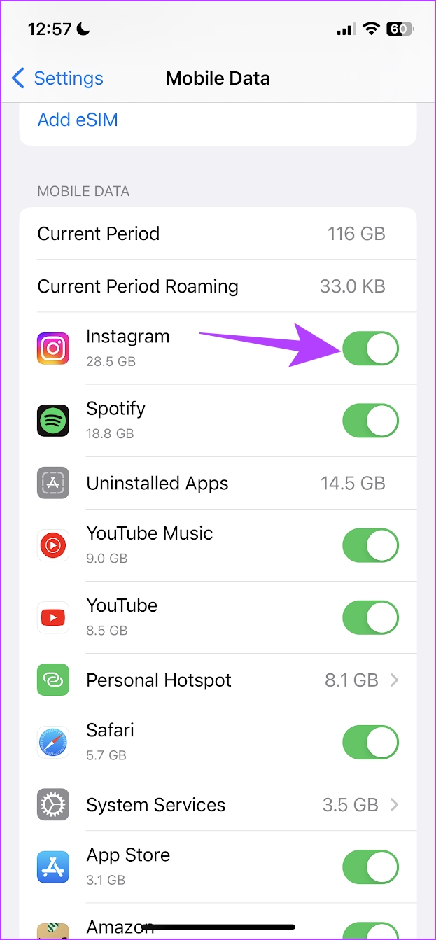 6. Verifique el acceso a datos móviles para Instagram (iPhone).
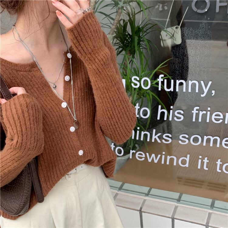 秋物薄手スタイル韓国ファッショントップス ショートニットカーディガンコート 大人ガーリー スウィート キュート カジュアル オータム コーデ Marchs34771799629
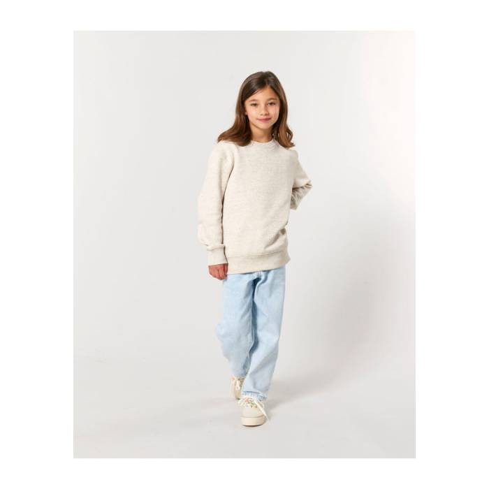 Kiváló minőségű, 300 g/m²-es, kerek nyakú gyerek pulóver, amely 100% organikus pamutból készült. Előmosott, hogy ne zsugorodjon, belül puha, bolyhos anyaggal bélelt. Ideális egyedi emblémázáshoz
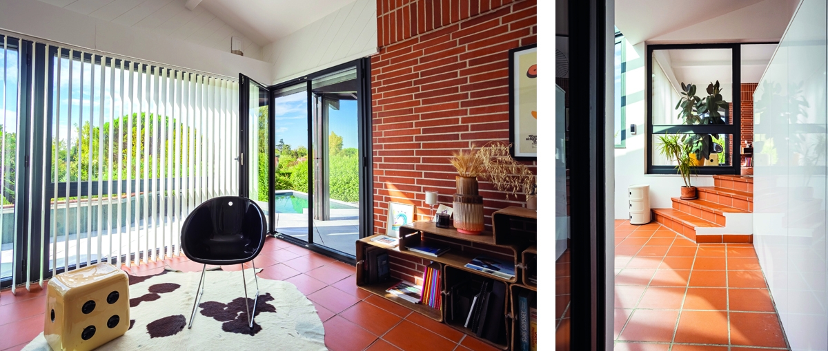 Donner un coup de modernité à une maison bioclimatique conçue par M. Colzani tout en en gardant l’essence fût la gageure de ce projet : la maison a une identité forte, marquée d’une esthétique caractéristique des années 80 et d’un usage important de la terre cuite.
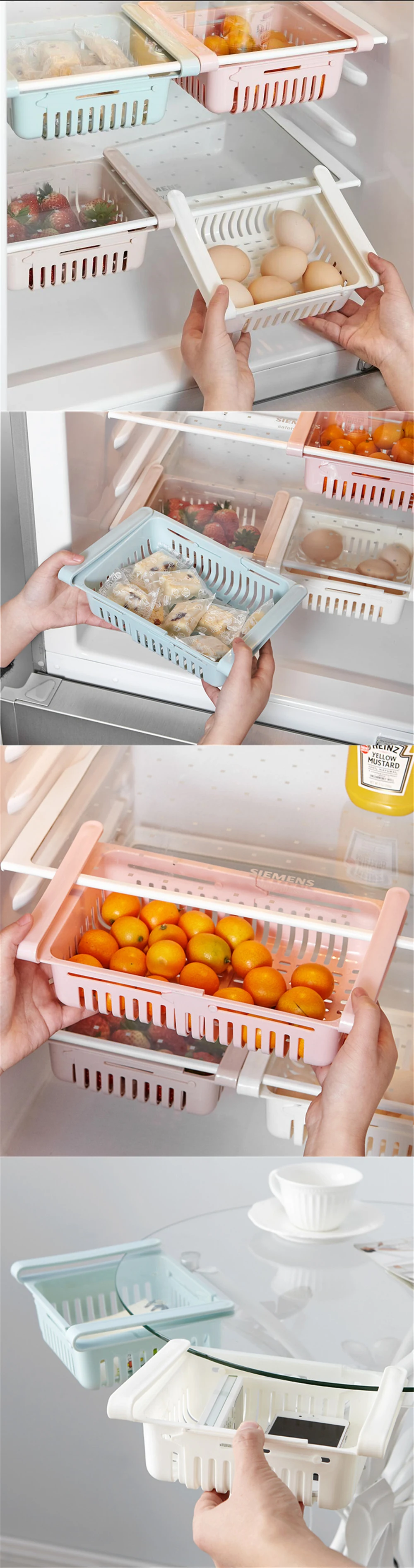 Household adjustable retractable refrigerator storage box
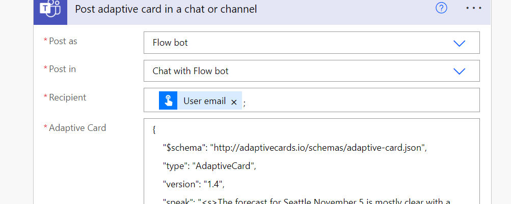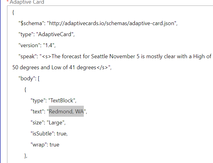 11. We gaan terug naar Post Adaptive Card in a chat or Channel Sectie en daar gaan we de gegevens toevoegen. Je kunt de gegevens Redmond weghalen.
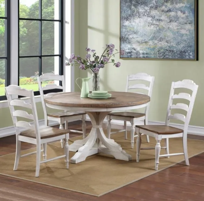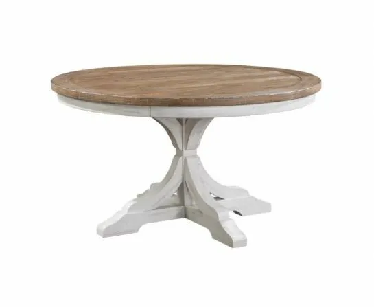 Augusta 54" Round Table - Rustic Brown/White (DA25454P): 54 x 54 x 30 - Rustic pine veneer, engineered wood, and solid hardwood, Heavy distressing and wire brushed texture, Top thickness: 1.5", Apron: 2.25", Floor to apron: 26.25"
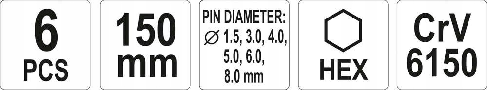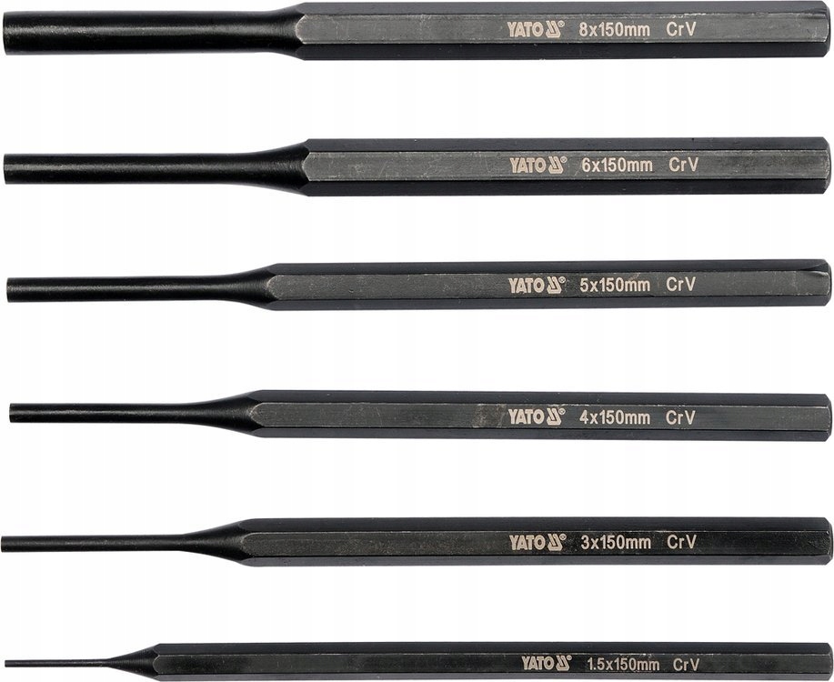 Zestaw zawiera sześć precyzyjnych wybijaków o wymiarach 1,5x150mm, 3x150mm, 4x150mm, 5x150mm, 6x150mm i 8x150mm. Wybijaki wykonane ze stali CrV 6150 z pręta sześciokątnego. Powierzchnia narzędzi czerniona. Zestaw zapakowany w plastikowy pojemnik.
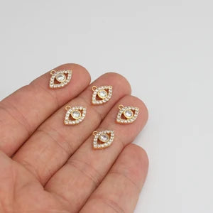 24 Carat Gold Plated White Zircon Stone Shiny Eye Charms Eye Pendant. Dimensions: 10x14mm Price is per piece. 24 carat gold plated on brass. A Quality product does not rust or tarnish. Do not contact with chemicals and perfumes for long-term use. Passed all tests does not contain harmful materials. Colors may vary depending on screen settings and ambient light.
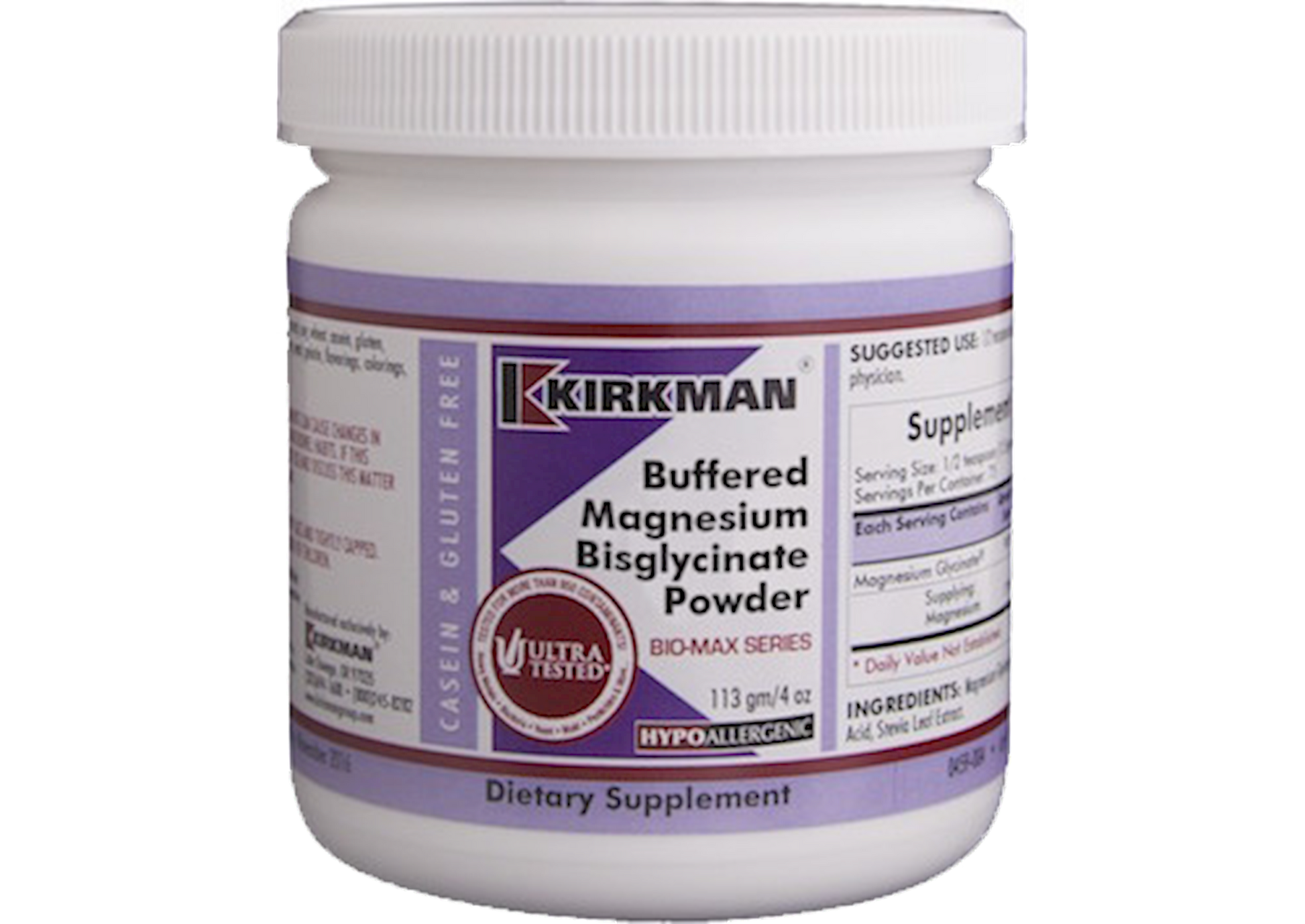Relaxes nerves and muscles and promotes relaxation and restful sleep.* This new and improved product offers Magnesium Bisglycinate that is sweetened with stevia leaf extract. The powder can be dissolved in fruit juices so that very little bad taste is still evident. It can even be dissolved in water with only a slight aftertaste. Magnesium Bisglycinate is easy on the digestive system. This product is also part of our Bio-Max Series that uses forms of nutrients that have been clinically proven to be among the best absorbed and most highly bioavailable. Free of common allergens. Gluten and casein free. Ultra Tested. Magnesium is an essential mineral that is involved in many body functions as well as being a constituent of bones and teeth.* It is an essential element of cellular metabolism and is an enzyme activator.* Other body actions include: relaxing nerve impulses and muscle contractions*; promoting relaxation and contributing to restful sleep.* Signs and symptoms of magnesium deficiency can include fatigue, mental confusion, irritability, weakness, muscle spasms, loss of appetite, difficulty sleeping or a feeling of weakness. The Physicians Desk Reference for Nutritional Supplements states that recent data of inpatient and outpatient populations suggests that magnesium deficits may exist in 12% to 40% of individuals. There are many different forms of magnesium, and no compelling data about absorption differences. However, there are reported differences in how different forms affect the gastrointestinal tract. Forms and functions of some of these include: Oxide: tends to firm stools in some individuals and loosen stools in others* Glycinate: a very gentle form of magnesium that is easier on the system* Citrate: tends to loosen stools* Sulfate: tends to loosen stools* Chloride: tends to loosen stools.* Individual results may vary. Your physician should recommend the form thats right for you. Magnesium supplements usually have their beginning as minerals that have been influenced by our environment. For that reason, the purity of magnesium raw materials is important. Magnesium, like calcium, can have undesirable impurities present. Kirkmans magnesium is Ultra Tested, which means it is tested for more than 950 environmental contaminants, the highest standard of purity testing in the world.

+--

-- Assignment --
Whenever a line holds a picture, print that line without the picture. All other data must be output exactly.

-- Task solution --
 6. Verifique el acceso a datos móviles para Instagram (iPhone).
 秋物薄手スタイル韓国ファッショントップス ショートニットカーディガンコート 大人ガーリー スウィート キュート カジュアル オータム コーデ Marchs34771799629
 Kiváló minőségű, 300 g/m²-es, kerek nyakú gyerek pulóver, amely 100% organikus pamutból készült. Előmosott, hogy ne zsugorodjon, belül puha, bolyhos anyaggal bélelt. Ideális egyedi emblémázáshoz
 Donner un coup de modernité à une maison bioclimatique conçue par M. Colzani tout en en gardant l’essence fût la gageure de ce projet : la maison a une identité forte, marquée d’une esthétique caractéristique des années 80 et d’un usage important de la terre cuite.
 Household adjustable retractable refrigerator storage box
 11. We gaan terug naar Post Adaptive Card in a chat or Channel Sectie en daar gaan we de gegevens toevoegen. Je kunt de gegevens Redmond weghalen.
 Augusta 54" Round Table - Rustic Brown/White (DA25454P): 54 x 54 x 30 - Rustic pine veneer, engineered wood, and solid hardwood, Heavy distressing and wire brushed texture, Top thickness: 1.5", Apron: 2.25", Floor to apron: 26.25"
 Zestaw zawiera sześć precyzyjnych wybijaków o wymiarach 1,5x150mm, 3x150mm, 4x150mm, 5x150mm, 6x150mm i 8x150mm. Wybijaki wykonane ze stali CrV 6150 z pręta sześciokątnego. Powierzchnia narzędzi czerniona. Zestaw zapakowany w plastikowy pojemnik.
 24 Carat Gold Plated White Zircon Stone Shiny Eye Charms Eye Pendant. Dimensions: 10x14mm Price is per piece. 24 carat gold plated on brass. A Quality product does not rust or tarnish. Do not contact with chemicals and perfumes for long-term use. Passed all tests does not contain harmful materials. Colors may vary depending on screen settings and ambient light.
Relaxes nerves and muscles and promotes relaxation and restful sleep.* This new and improved product offers Magnesium Bisglycinate that is sweetened with stevia leaf extract. The powder can be dissolved in fruit juices so that very little bad taste is still evident. It can even be dissolved in water with only a slight aftertaste. Magnesium Bisglycinate is easy on the digestive system. This product is also part of our Bio-Max Series that uses forms of nutrients that have been clinically proven to be among the best absorbed and most highly bioavailable. Free of common allergens. Gluten and casein free. Ultra Tested. Magnesium is an essential mineral that is involved in many body functions as well as being a constituent of bones and teeth.* It is an essential element of cellular metabolism and is an enzyme activator.* Other body actions include: relaxing nerve impulses and muscle contractions*; promoting relaxation and contributing to restful sleep.* Signs and symptoms of magnesium deficiency can include fatigue, mental confusion, irritability, weakness, muscle spasms, loss of appetite, difficulty sleeping or a feeling of weakness. The Physicians Desk Reference for Nutritional Supplements states that recent data of inpatient and outpatient populations suggests that magnesium deficits may exist in 12% to 40% of individuals. There are many different forms of magnesium, and no compelling data about absorption differences. However, there are reported differences in how different forms affect the gastrointestinal tract. Forms and functions of some of these include: Oxide: tends to firm stools in some individuals and loosen stools in others* Glycinate: a very gentle form of magnesium that is easier on the system* Citrate: tends to loosen stools* Sulfate: tends to loosen stools* Chloride: tends to loosen stools.* Individual results may vary. Your physician should recommend the form thats right for you. Magnesium supplements usually have their beginning as minerals that have been influenced by our environment. For that reason, the purity of magnesium raw materials is important. Magnesium, like calcium, can have undesirable impurities present. Kirkmans magnesium is Ultra Tested, which means it is tested for more than 950 environmental contaminants, the highest standard of purity testing in the world.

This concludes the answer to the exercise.